Следом за мной прооперировали "на ту же тему" ещё одного. А под утро, на первом свету, едва начинало синим мазать окна в палате, он умер от спайки кишок: ночью умял все бублики, что впотаях приплавила жёнка.
Дня три-четыре я толком и разу не ел, совсем без охоты к тому всё было.
А тут потянуло, позвало подкрепиться как следует. Мне ж помимо водички ничего путного не давали.
Дом далеко, передачи носить некому.
Как я просил хоть один бублик сбить охотку, а казачок и пожадничай…
Вспомнил я эту историю – разом утянуло, забрало жажду.
С виноватой благодарностью заглядываю Генке в глаза, со смешками подкашливаю, как мышь в норе.
– Что подкашливаете? Богатую любите?
– Очень богатую! Душой, лицом, станом… Одно слово, отдай всё и мало! Но сейчас!.. Будь у меня шляпа, Гена, ей-бо, снял бы перед Вами.
Не знаю, чем я расположил его к себе, не знаю, чем я вошёл к нему в добрые, только кинул он широко рукой, сказал:
– А послушайте… Непутно получается у нас как-то… А давайте на ты. Ну чего выкать? Не дипломаты!
– Давай попробуем, – потянулся я к согласию.
– Ну так скажи, куда ближе?
– Само собой, к Листвянке! Сколь уж пропёрли… И потом, не обучен я рачиться на попятный двор.
– А до переднего двора… Сердчишко-то как? Не зачастит?
– Да терапевт вроде пел, что оно у меня, как мотор у новенького ТУ сто с лишним.
– Ну-у, тогда ты, орёлик, стопроцентно наш! Что ж я, леший- красноплеший, сбиваюсь с ума?.. Вот что… Кончай бежать, кончай рвать с огня. Иди спокойно. Забудь, что все ушли. Иди пока один. Я слетаю на передовую к своим, возьму на всякий случай компас. Тогда сама дьяволова пурга нам не в страх. Точка. Абзац.
10
Велика святорусская земля, а везде солнышко.

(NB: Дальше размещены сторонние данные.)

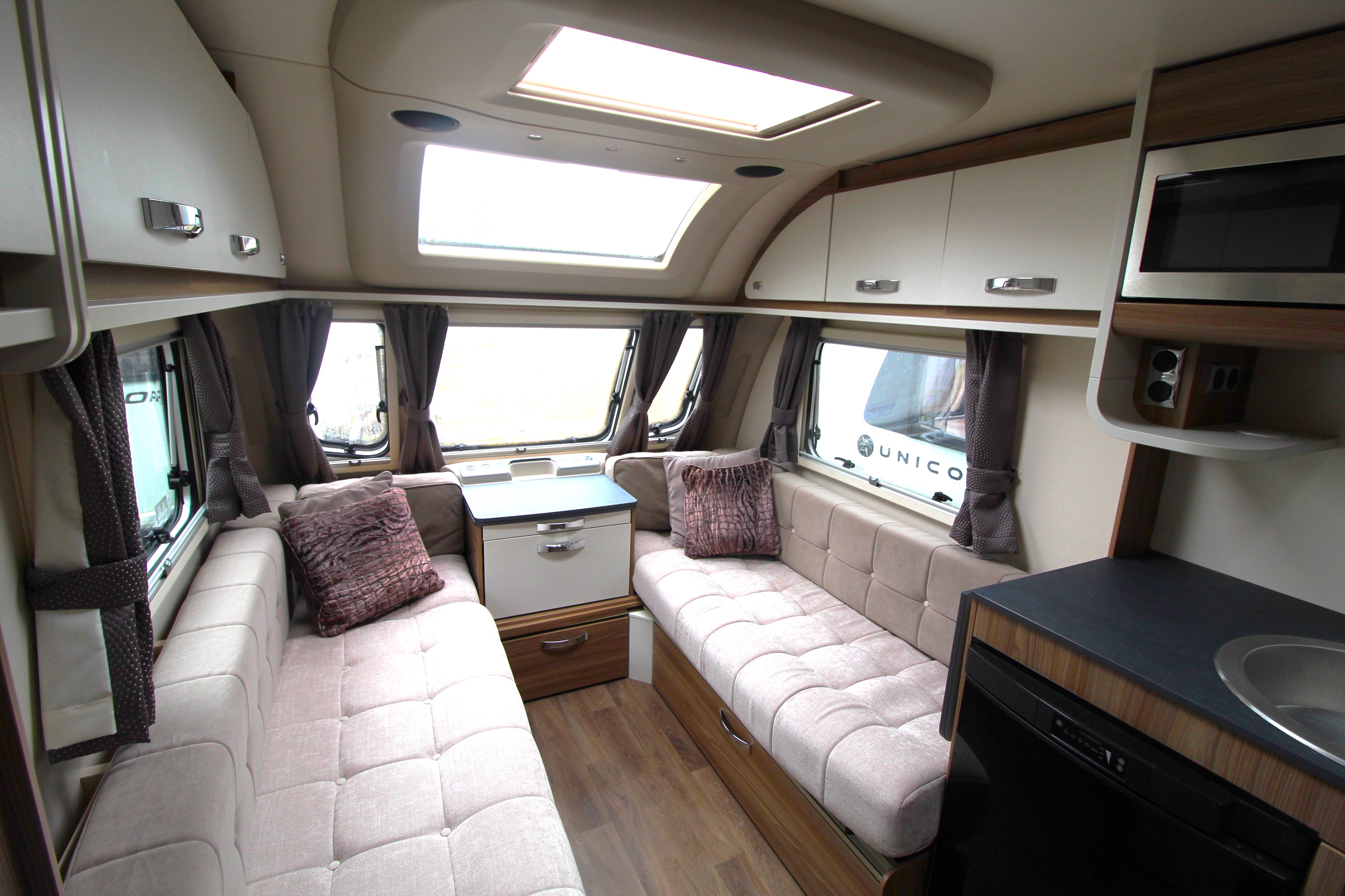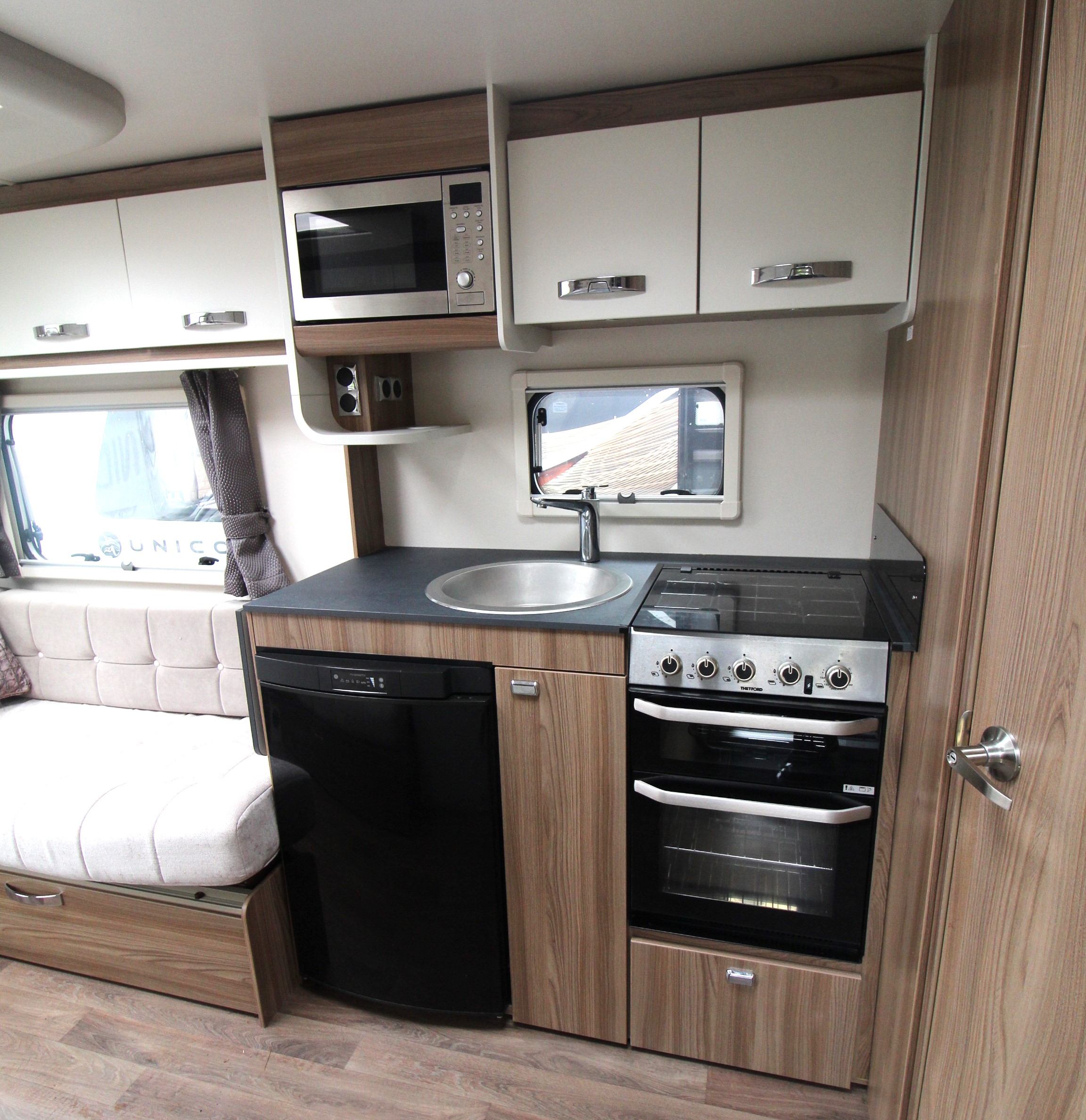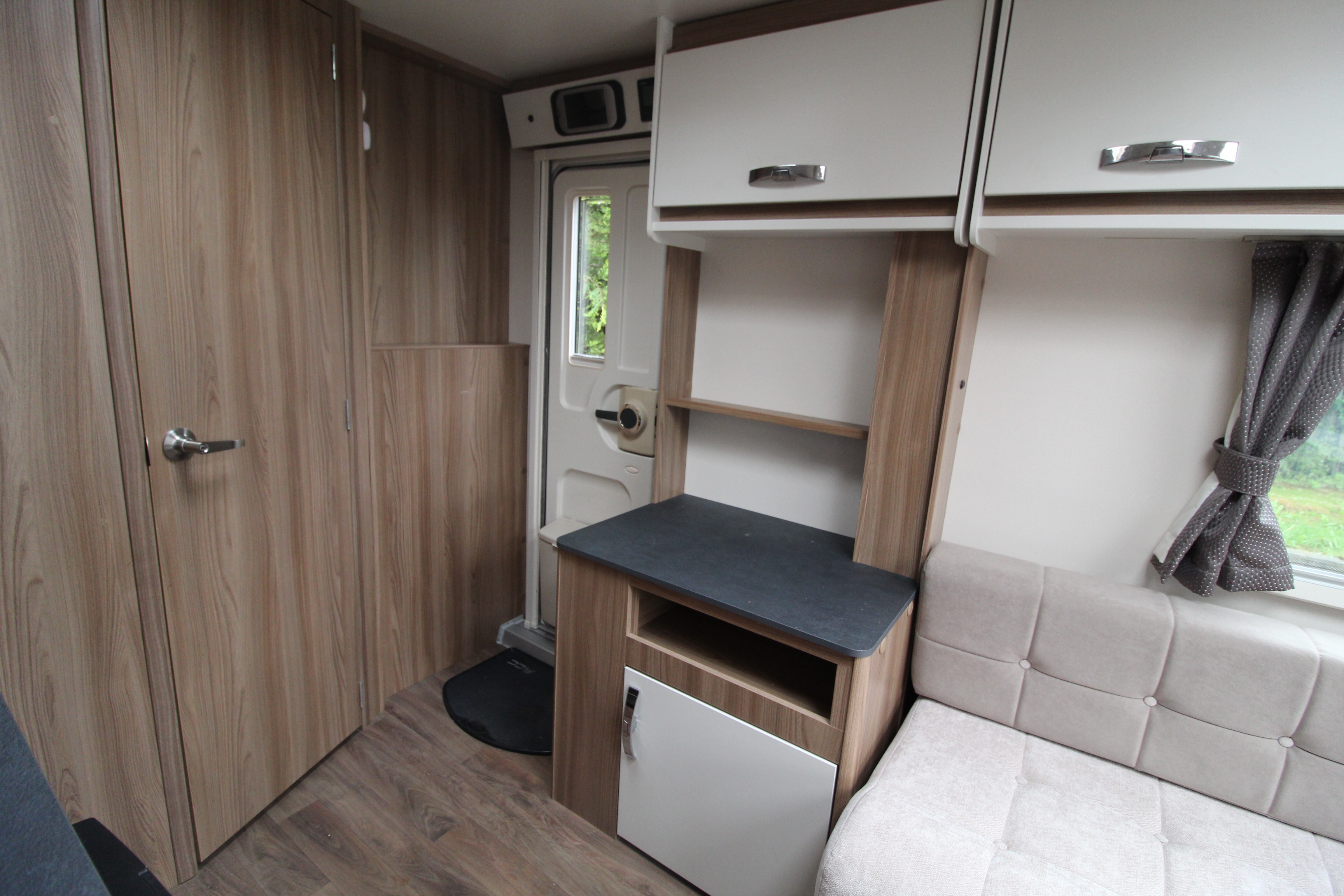 The open plan accommodation offers a well-equipped kitchen providing everything you need for a short weekend break or long touring adventures. Facilities include hob, oven, grill, fridge, microwave and ample cupboards for your essential items. A generous display unit can double up to offer extra work space if required.

Солнышко на всех ровно светит.
Потихоньку выведрило, разгулялась понемногу погода.
Милостиво расступились, раздёрнулись тучи. В сине оконце солнышко глянуло.
Возвращался Генка в солнечном уже кругу.
Круг стремительно раздавался, рос. Светополье накатывало широко, могуче. Рай шел…
Разом всё окрест вспыхнуло белым пламенем. Куда ни пусти взор – бело, так бело, так ярко, что ломит глаза.
Без защитных очков чистая беда. Чего доброго, снежную ещё слепоту наживешь.
Впервые на своём веку пожалел я, что отправился загорать, а нарочно не взял тёмные очки: не поверил в марте сибирскому солнцу.
На разостланные вокруг богатые снега не взглянешь в полные глаза. Будто во спасение подвернулась полянка чистого, без снега сверху, льда.
Окаянную его черноту сердце не терпит, затолклось в непокое.
Тишком да бочком подбился к острому кончику схожей с саблей белой намети, стал как присох, а пустить шаг дале, ступить на сам лёд нет меня. Тонколёдица до такой ясности прозрачна, что, кажется, стань – ухнешь в эту в чёрную дурноверть.
И всё ж сбился я силами – стал. А став, почувствовал себя не прочней мальца, пробующего ходить; и причудилось, плотный молодой голос просит из детства: дубо?к стоять, дубок!
Ясно расслышал я весёлое мамино повеление держаться прямотело, не падать – разом крутнулся на голос, внаклон покачнулся, растаращил руки…
Устоять я устоял. Но на видах моих никого не было. Никто не звал, никто ничего не хотел от меня.
Лёд не трещал, не ломился.
Твёрдо, крепко всё подо мной.
А на душе ненадежно, без ран душа болит.
Всё кажется, лёд в смерть тонок, всего-то какая плёнка, слабая, прозрачная, скорей, призрачная.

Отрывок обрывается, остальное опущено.